Marpa::XS::Rewrite - How Marpa rewrites grammars
Marpa rewrites grammars, adding internal symbols and rules in the process. These
rewritings do not affect the semantics, but they do show up when you look at
Marpa's grammars.
Marpa's internal symbols have
tags at the end, enclosed in square
brackets. This means that all Marpa internal symbols end in a right square
bracket.
Many parsers add their own start rule and their own start symbol to grammars.

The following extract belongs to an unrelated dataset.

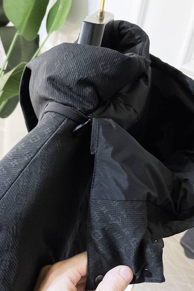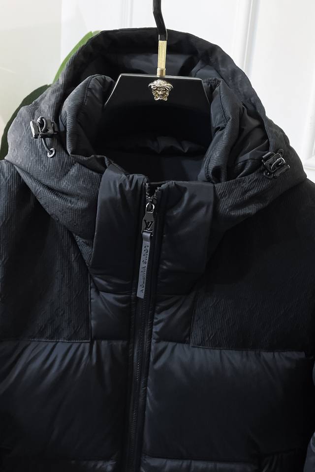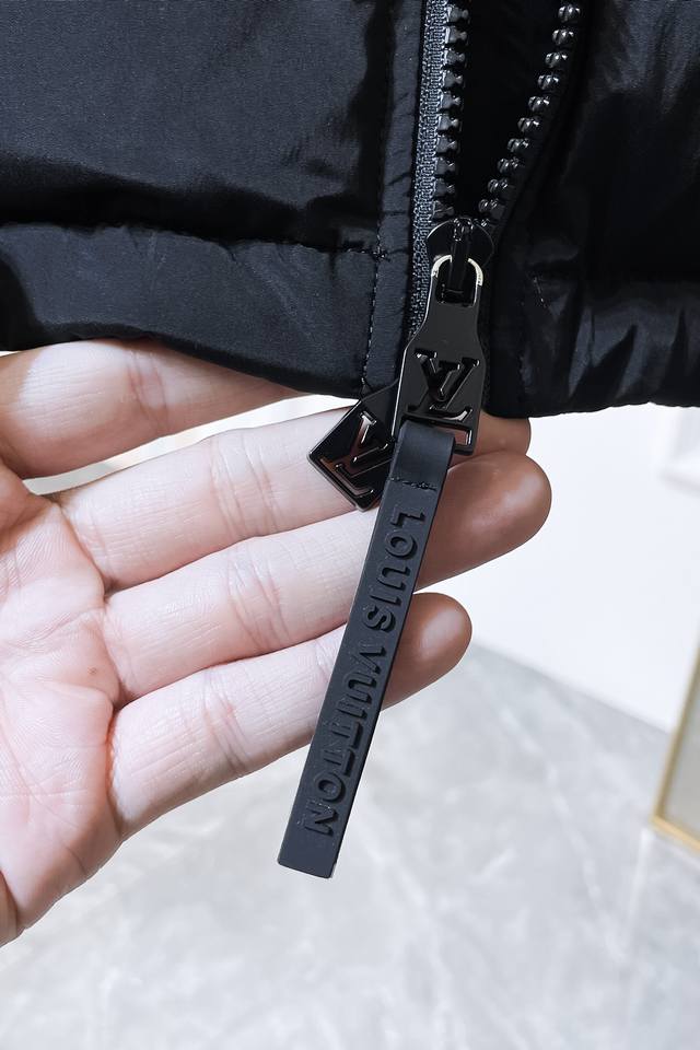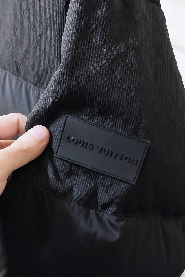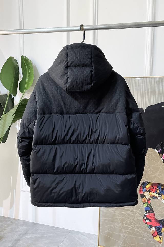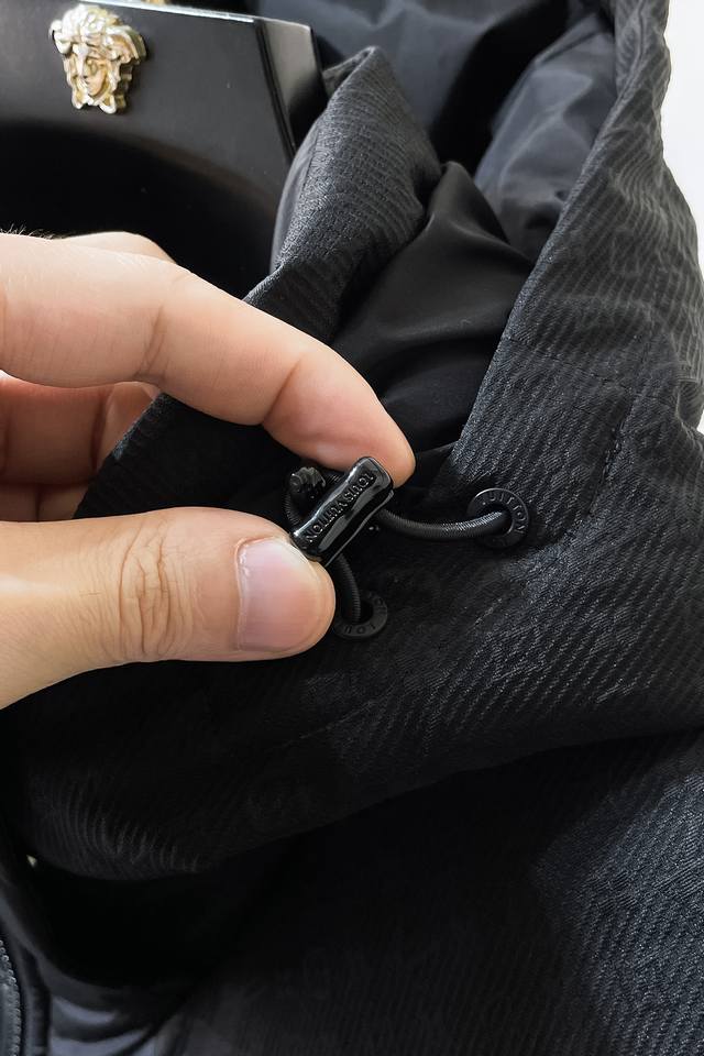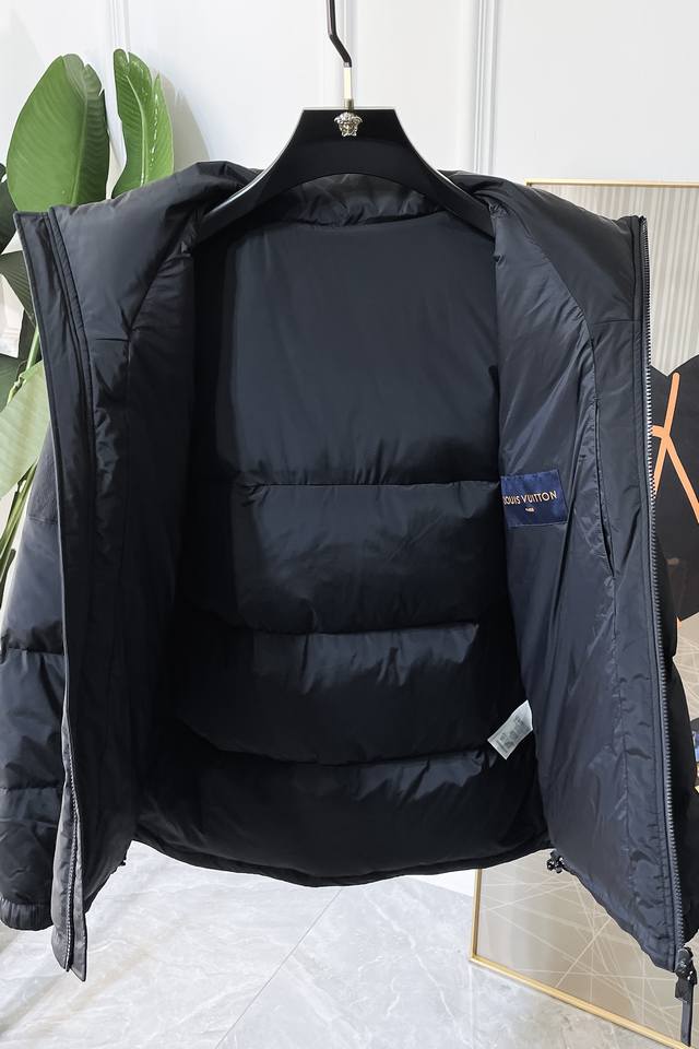 Highest Version! Pay attention to details! Compare with the high-end version and recognize the details. 1V25Fw Autumn/Winter New Style Dark Pattern Monogram Spliced Zipper Down Jacket, Unisex Style, Rubber Nameplate on Sleeves, Detachable Hooded Stand Collar! Rare from trading company channels, sold simultaneously with the official website! V-brand's new down jacket is a hot fashion item this winter. This one not only has excellent warmth performance but also incorporates the brand's classic elements, showcasing a unique and fashionable high-end feel! DDD fabric uses a custom-supplied high-density technical fiber blend material, which has superior windproof, waterproof, and down-proof capabilities! This means that in the cold winter, you can wear it with confidence, whether it's raining or snowing heavily, you can stay dry and warm! The shoulders and sleeves use a three-dimensional monogram dark pattern fabric for splicing, and the collision between the two different fabrics creates a fashionable and high-end visual effect! This design not only adds to the overall sense of layering but also makes you stand out when wearing it! The Ddd jacket is filled with imported European standard 90% white goose down, using a horizontal quilting process to create a full and fluffy texture. This provides ample warmth while maintaining a lightweight feel, ensuring maximum comfort and freedom of movement. The zipper pulls on the placket and the rubber nameplates on the sleeves, along with the brand logo-engraved hardware, showcase luxurious and meticulous details. The casual and versatile design, along with the detachable hooded stand collar, allows both men and women to easily create different styles, making you the center of attention in various occasions. Comes with a high-end dust bag packaging. Color: Black Sizes: 48-56

Marpa is no exception. The new internal start symbol is the original start
symbol with ""[']"" suffixed. An example of a Marpa
internal start symbol is ""Expression[']"". If the grammar
allows a null parse, there will also be a Marpa internal nulling start symbol,
with ""['][]"" suffixed. An example of a Marpa internal
nulling start symbol would be ""Script['][]"".
A symbol is
nulled if it produces the empty sentence.
Nulling
symbols are those which are
always nulled.
Nullable symbols
are those which are
sometimes nulled.
Non-nullable symbols are
those which are
never nulled.
All nulling symbols are also nullable symbols. A
proper nullable is any
nullable symbol which is not a nulling symbol. In other words, a proper
nullable is a symbol that might or might not be nulled.

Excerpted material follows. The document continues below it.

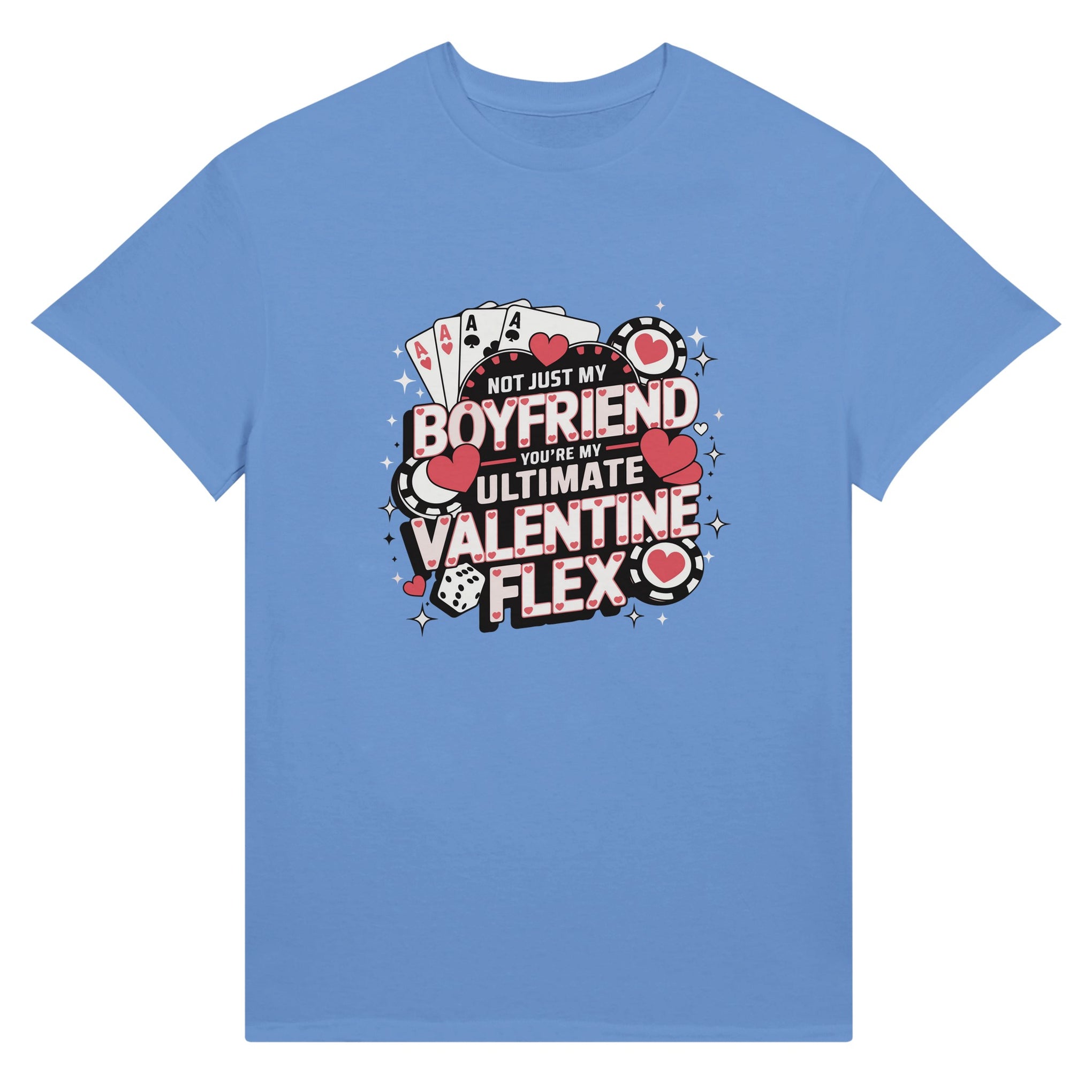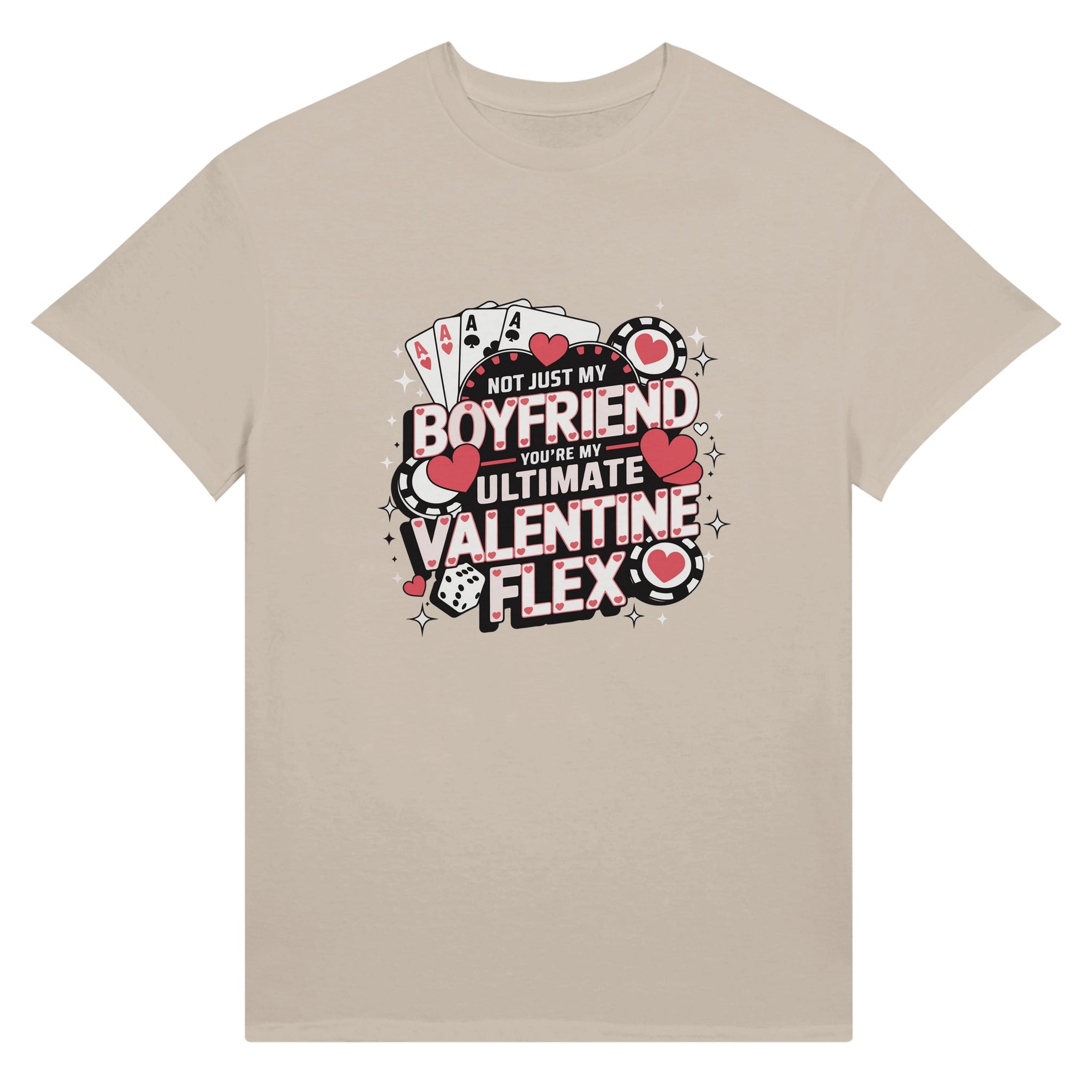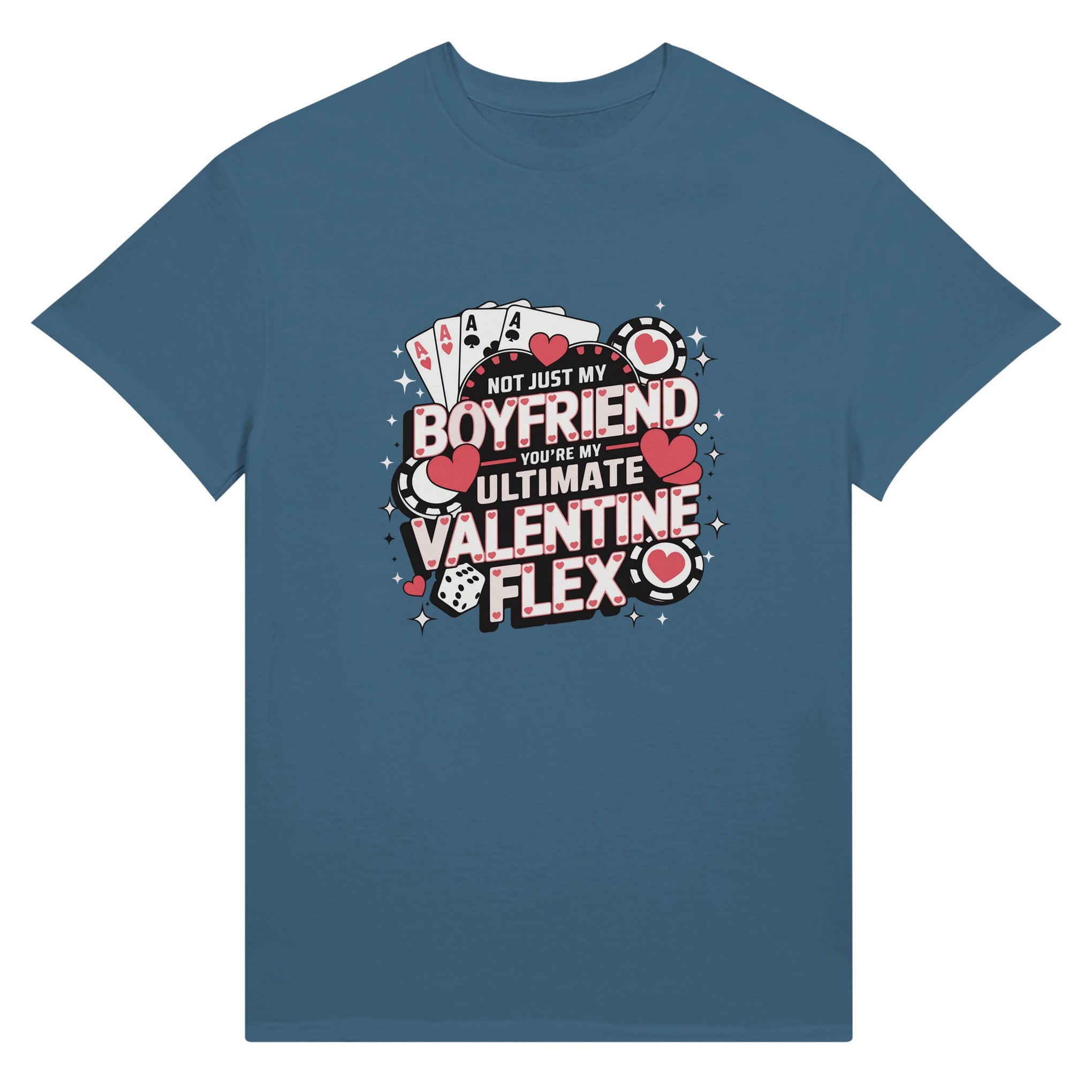 This Valentine’s Day, go all in with love! Celebrate your boyfriend with the “Ultimate Valentine Flex” T-shirt, a design that blends romance with a playful poker-inspired theme. Featuring bold aces, dice, and heart-filled chips, this vibrant graphic symbolizes how lucky you feel to have him. The phrase “Not just my boyfriend, you’re my ultimate Valentine flex” is both heartfelt and confident, making it the perfect gift for your winning hand. Designed in striking pink, red, and black tones, this tee captures both fun and passion. Giftomory’s unique fusion of “Gift” and “Memory” ensures this tee will be cherished for years to come.

Nullable symbols were a problem in previous versions of Earley parsers. Aycock
and Horspool 2002 outlined a new approach for dealing with them. I use their
ideas with modifications of my own.
Marpa rewrites its grammar to eliminate proper nullables. It does this by
turning every proper nullable into two symbols: a non-nullable variant and a
nulling variant. The non-nullable variant keeps the original symbol's name,
but is no longer allowed to appear in places where it might be nulled.

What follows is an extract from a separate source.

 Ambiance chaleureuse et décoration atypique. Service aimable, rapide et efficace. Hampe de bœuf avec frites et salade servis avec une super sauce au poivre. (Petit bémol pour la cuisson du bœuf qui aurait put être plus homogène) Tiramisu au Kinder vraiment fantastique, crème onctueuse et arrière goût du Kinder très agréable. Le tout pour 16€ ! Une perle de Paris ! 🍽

The name of the nulling variant is that of the original symbol with the nulling
tag (""[]"") suffixed. When the nulling variant is used,
it must be nulled.
The newly introduced nulling symbols will not appear on any left hand sides,
with one exception: grammars that allow a null parse will have a nulling start
rule. Except for the nulling start symbol, Marpa marks nulling symbols
internally and recognizes them directly, without the need for empty rules.
Rules with proper nullables on the RHS have to be replaced with new rules
covering every possible combination of the non-nullable and nulling variants.
That rewrite is called the CHAF rewrite.
Here's an example of a CHAF rewrite:
{ lhs => 'statement',
rhs => [
qw/optional_whitespace expression
optional_whitespace optional_modifier
optional_whitespace/
]
}
This rule contains four instances of proper nullables, illustrating my fear that
grammars of practical interest will have lots of proper nullables on right
hand sides. "optional_whitespace" and "optional_modifier"
are both proper nullables and "optional_whitespace" appears three
times.
Here's is the output from "show_rules", showing what Marpa does with
this rule:
0: statement -> optional_whitespace expression optional_whitespace optional_modifier optional_whitespace
/* !used */
15: statement -> optional_whitespace expression statement[R0:2] /* vrhs real=2 */
16: statement -> optional_whitespace expression optional_whitespace[] optional_modifier[] optional_whitespace[]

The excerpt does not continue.